# Task directions
From the first line of the entries below through the line holding "Czterokanałowa ładowarka SKY", write out every line exactly, please, and leave out the pictures.

Stored data entries:
■ ■ ■

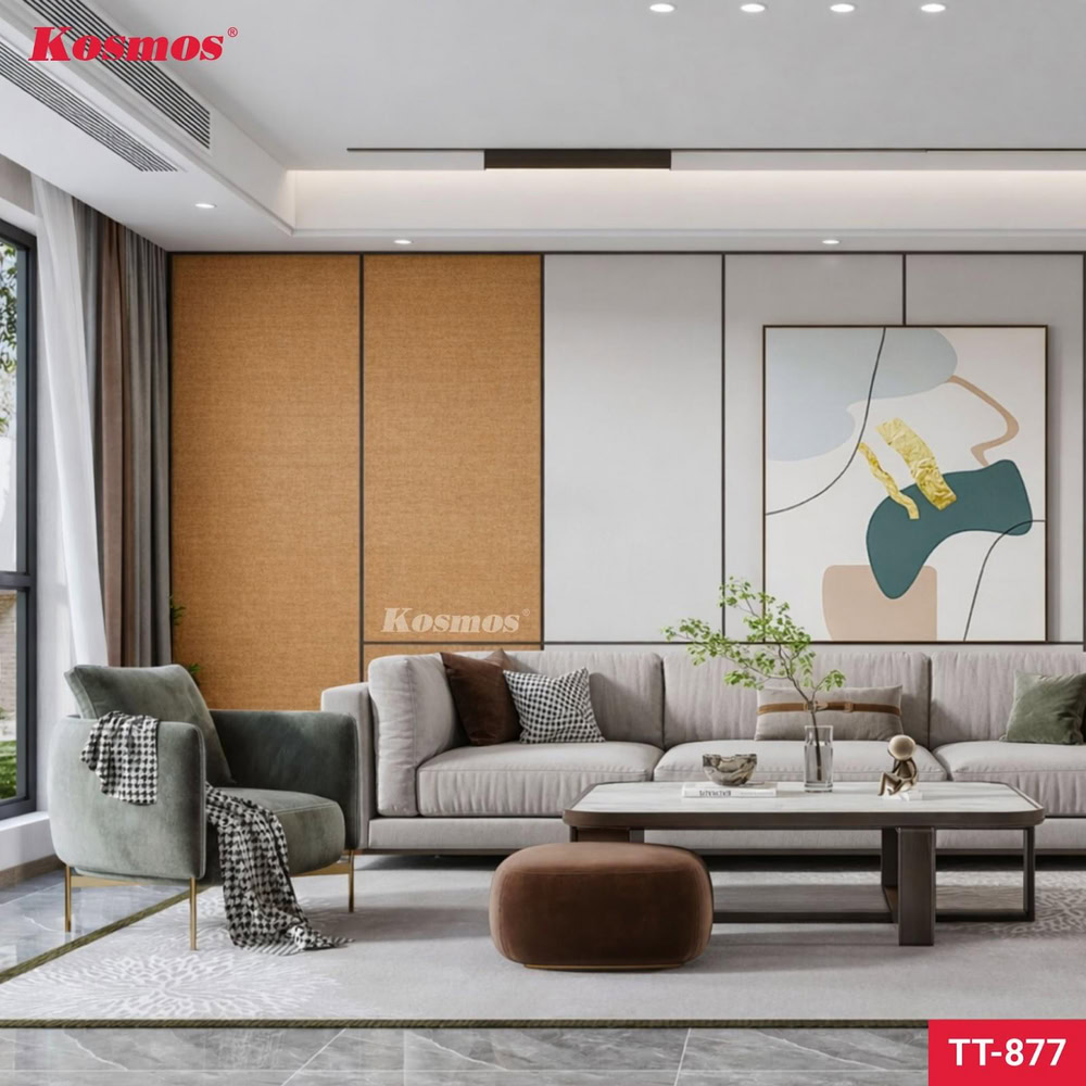 - Contemporary Style (Phong cách đương đại): Vân vải của TT-877 mang lại hiệu ứng gần gũi với vật liệu mềm như vải dệt, giúp không gian trông ấm và có chiều sâu hơn. Trong các phòng khách hoặc phòng làm việc mang phong cách đương đại, tấm ốp vân vải có thể được sử dụng để tạo mảng tường phía sau sofa, tường trang trí hoặc tường TV.
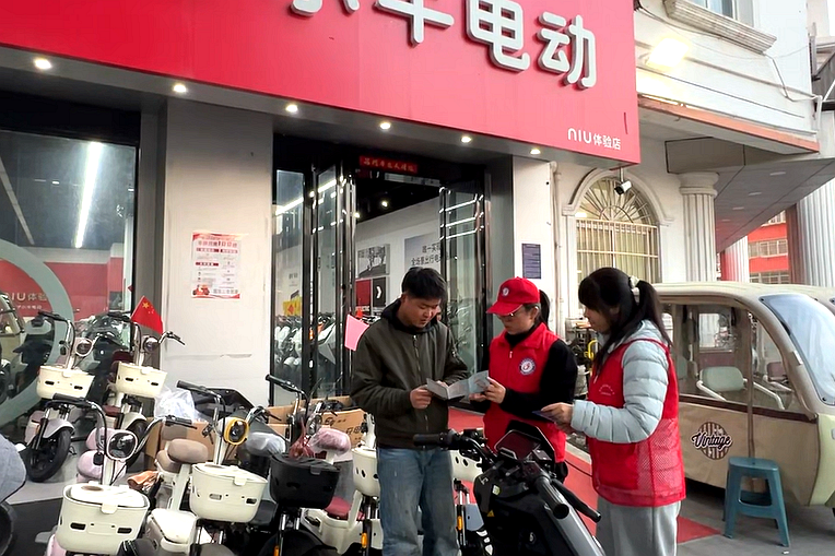 近日,滁州市消防救援局联合银花社区网格员、消防志愿者组成宣传小队,走进城区电动自行车销售门店,将消防安全知识送到群众身边。
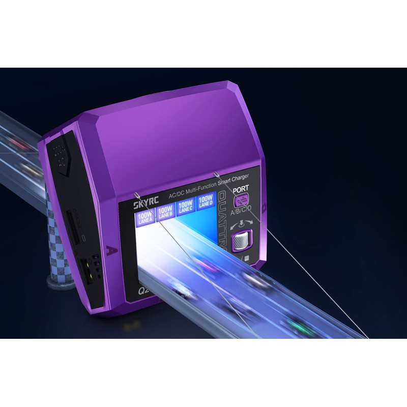 Czterokanałowa ładowarka SKY RC Q200neo 400W została zaprojektowana z myślą o zapewnieniu wszystkiego, co potrzebne do jednoczesnego ładowania czterech akumulatorów prądami „pod jednym dachem”, łącznie z zasilaniem sieciowym, przy prostej obsłudze i możliwości komunikacji z aplikacją SkyCharger. Q200neo umożliwia ładowanie i rozładowywanie popularnych typów ogniw (NiCd, NiMH, Li-poly, Li-ion, Li-Fe, Li-HV, Pb), dodatkowo wszystkie kanały wyposażone są we wbudowane sześciokanałowe balansery, które zapewniają wygodne ładowanie akumulatorów litowych.
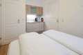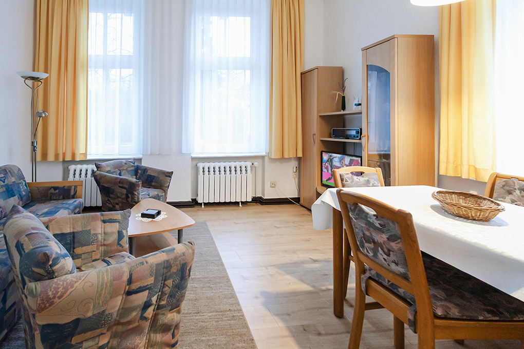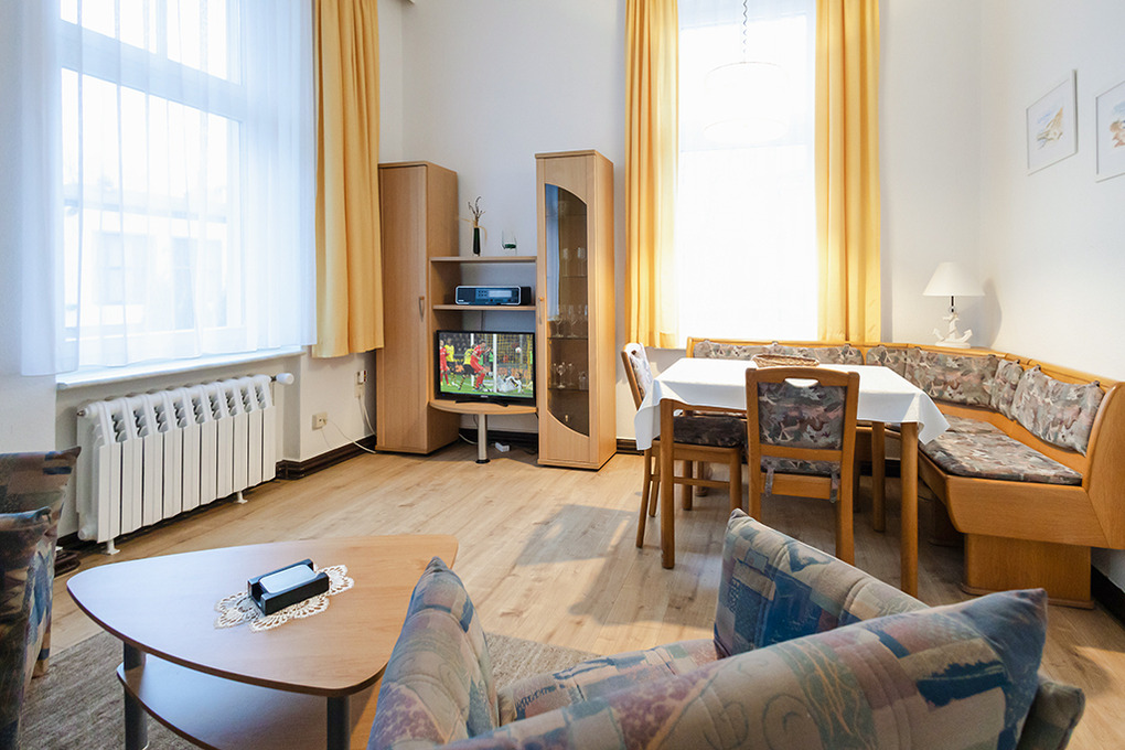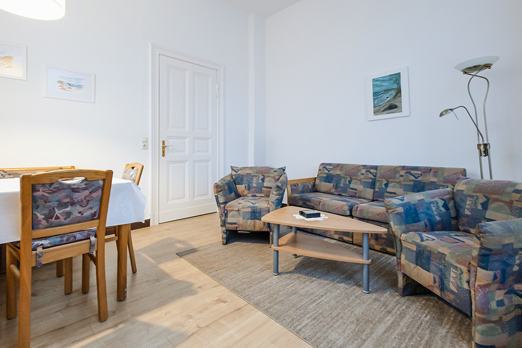 D 12.7 Wohnung 1-3 Pers. : 2-Zimmerwohnung im Parterre mit 38 qm Wohnfläche. Eingangsbereich mit Kleiderschrank. Großer heller Wohn-/Essraum mit gemütlicher Couchgarnitur (Ausziehcouch 2 Pers.), Kabel-TV, Esstisch. Doppelzimmer mit Küchenzeile (2-Platten-Ceranfeld). Modernes Bad: ebenerdige Dusche, Wb, WC. Außensitzplatz mit Bistro-Tisch, Stühlen.
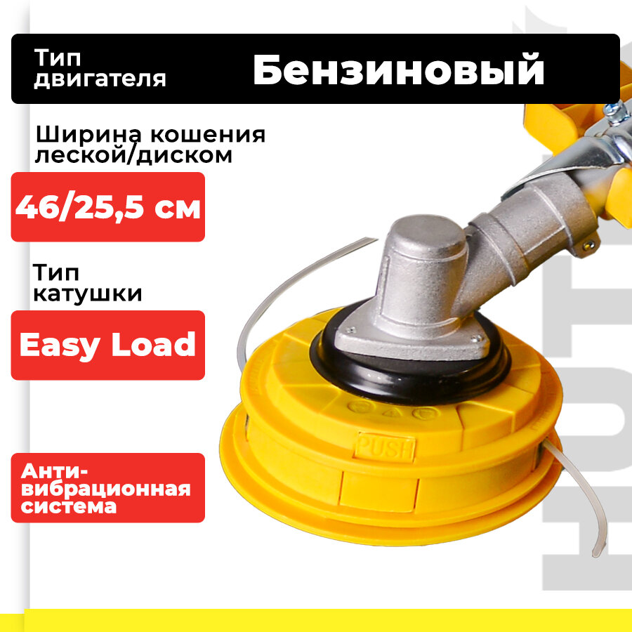 Бензиновый триммер / мотокоса GGT-2900S PRO (с антивибрационной системой) Huter (2900 Вт, 9500±500 об/мин, леска 460 мм, нож 255 мм, антивибрационная система PRO, очки, разъемная штанга) интересное:
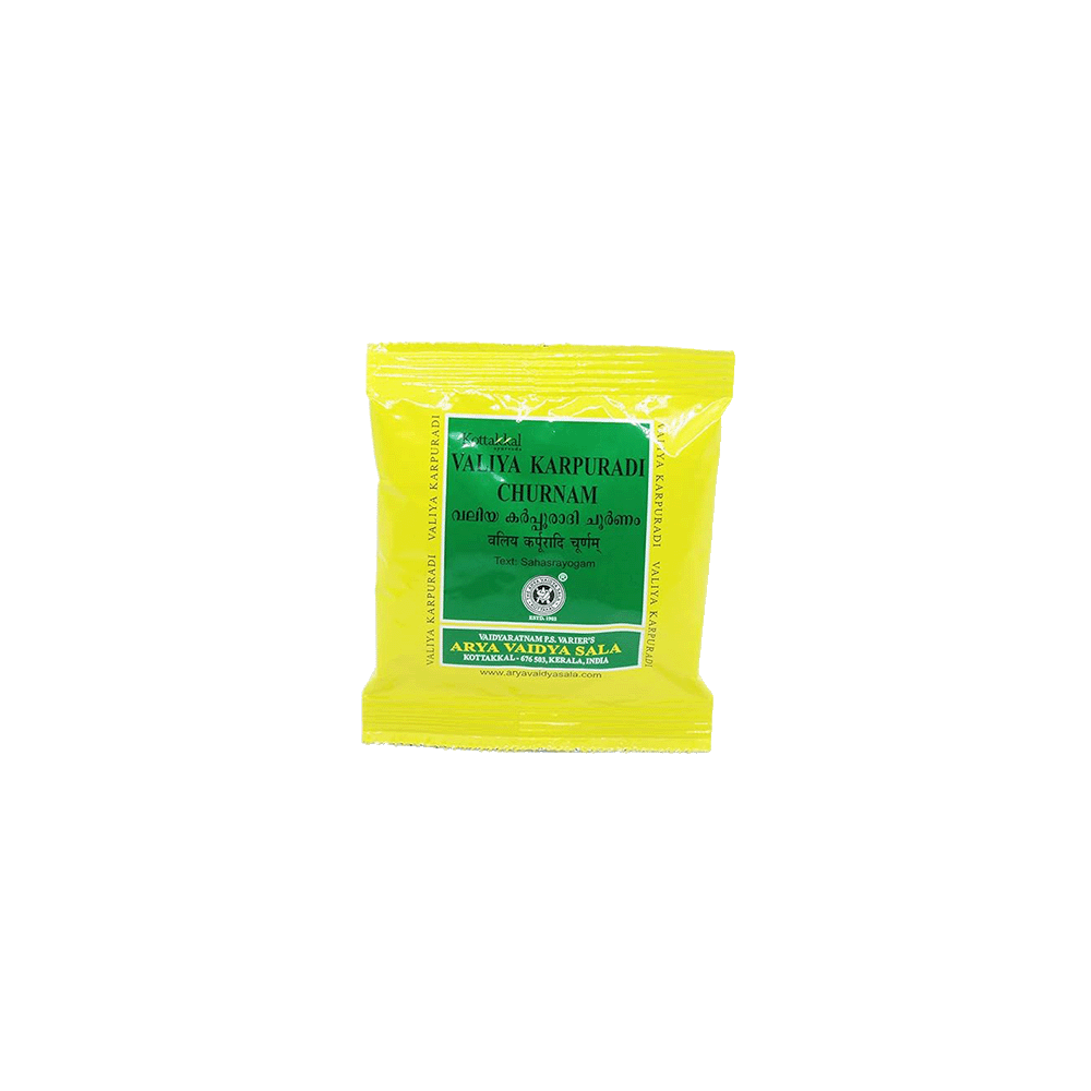 KARPURADI CHURNAM 10GM: A classical Ayurvedic churnam formulation known for supporting balance, rejuvenation, and traditional healing. Use as directed by an Ayurvedic physician.
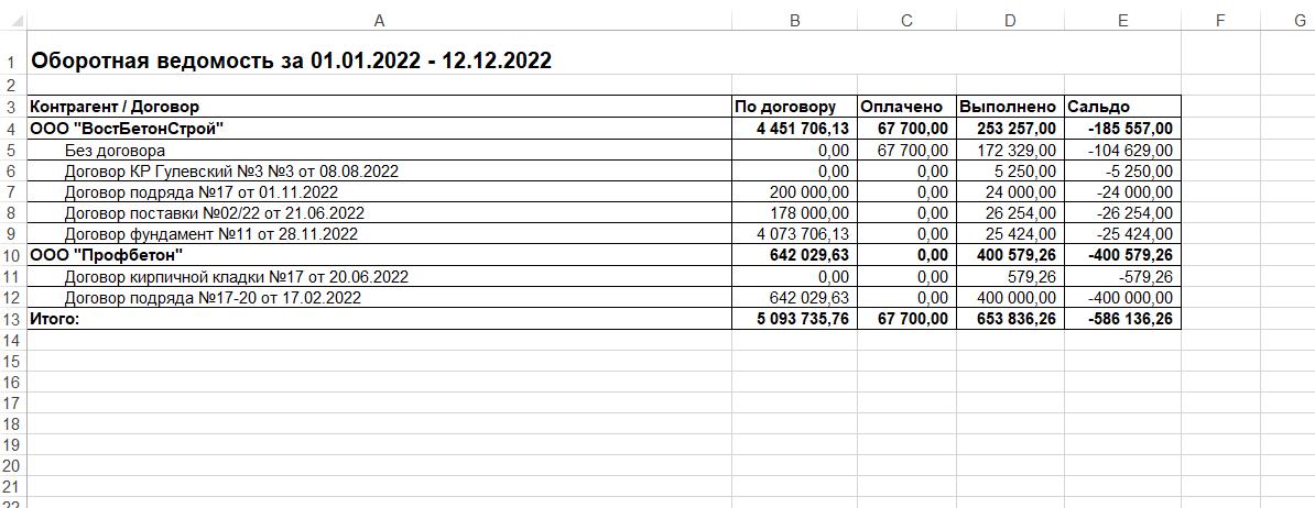 Группировка данных идет по Контрагенту, внутри контрагента по Договору (и "Без договора", если такие есть), внутри договора "Сальдо начальное", "Обороты за период по договору", "Сальдо конечное по договору"
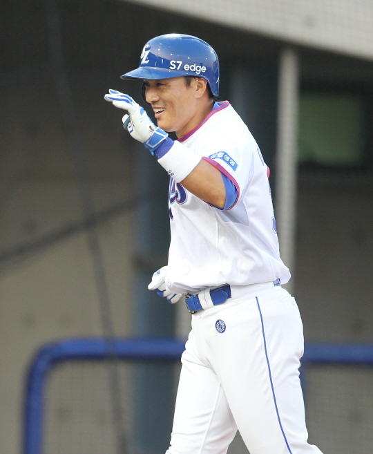 이승엽이 모처럼 환하게 웃었다. 지난 18일 포항구장에서 열린 한화 이글스와의 홈게임에서 1회 큼지막한 3점홈런을 터뜨렸다. 몸쪽 낮은 직구를 툭 걷어올렸는데 우측담장을 넘어갔다. 홈런 타구는 자신이 지난해 달성한 통산 400홈런을 기념해 만든 '400존' 바로 우측에 떨어졌다. 올시즌 4호 홈런이다. 지난달 29일 한화전에서 시즌 3호 홈런을 터뜨린 지 19일만에 나온 홈런이다.
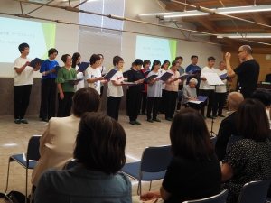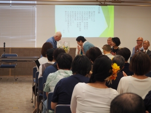 | 6月25日、吹田市文化会館メイシアター中ホールで、福本淳さんのコンサートが開催されました。福本さんは当会の賛助会員であり、水仙福祉会の施設で音楽講師をしておられます。このコンサートは、「ハンディのある方々にも気軽に足を運んでいただけるようなコンサートを実現させたい」という福本さんの強い思いにより企画されました。当会もその趣旨に賛同し後援をさせていただきました。 コンサートには水仙福祉会・風の子そだち園およびワークセンター豊新の利用者・職員合同チームがゲストとして出演しました。広く知られた数々の歌をメドレー形式にした合唱曲を数ヶ月かけて練習してきました。本番で、堂々とそして懸命に歌う姿に、場内いっぱいに感動の輪が広がりました。フィナーレの曲は、水仙福祉会おなじみの「風をみたひと」でした。客席におられたこの曲の作詞者の禅定正世前会長が舞台に上がり、あいさつをしました。そして、福本さんの掛け声とともに風の子そだち園とワークセンター豊新の利用者が舞台に集合し、会場全体で大合唱。お客様からは「心があたたまりました」「元気をもらいました」との声もいただき、会場全体が幸せな気持ちに包まれた素敵なコンサートでした。そして、水仙福祉会の利用者のためにとコンサートの売上金704,000円を当会にご寄付してくださいました。福本さんのあたたかいお気持ちに心より感謝申し上げます。お気持ちにこたえらますよう利用者のために有効に使わさせていただきます。本当にありがとうございました。 |

■ ■ ■

# Task answer
 - Contemporary Style (Phong cách đương đại): Vân vải của TT-877 mang lại hiệu ứng gần gũi với vật liệu mềm như vải dệt, giúp không gian trông ấm và có chiều sâu hơn. Trong các phòng khách hoặc phòng làm việc mang phong cách đương đại, tấm ốp vân vải có thể được sử dụng để tạo mảng tường phía sau sofa, tường trang trí hoặc tường TV.
 近日,滁州市消防救援局联合银花社区网格员、消防志愿者组成宣传小队,走进城区电动自行车销售门店,将消防安全知识送到群众身边。
 Czterokanałowa ładowarka SKY RC Q200neo 400W została zaprojektowana z myślą o zapewnieniu wszystkiego, co potrzebne do jednoczesnego ładowania czterech akumulatorów prądami „pod jednym dachem”, łącznie z zasilaniem sieciowym, przy prostej obsłudze i możliwości komunikacji z aplikacją SkyCharger. Q200neo umożliwia ładowanie i rozładowywanie popularnych typów ogniw (NiCd, NiMH, Li-poly, Li-ion, Li-Fe, Li-HV, Pb), dodatkowo wszystkie kanały wyposażone są we wbudowane sześciokanałowe balansery, które zapewniają wygodne ładowanie akumulatorów litowych.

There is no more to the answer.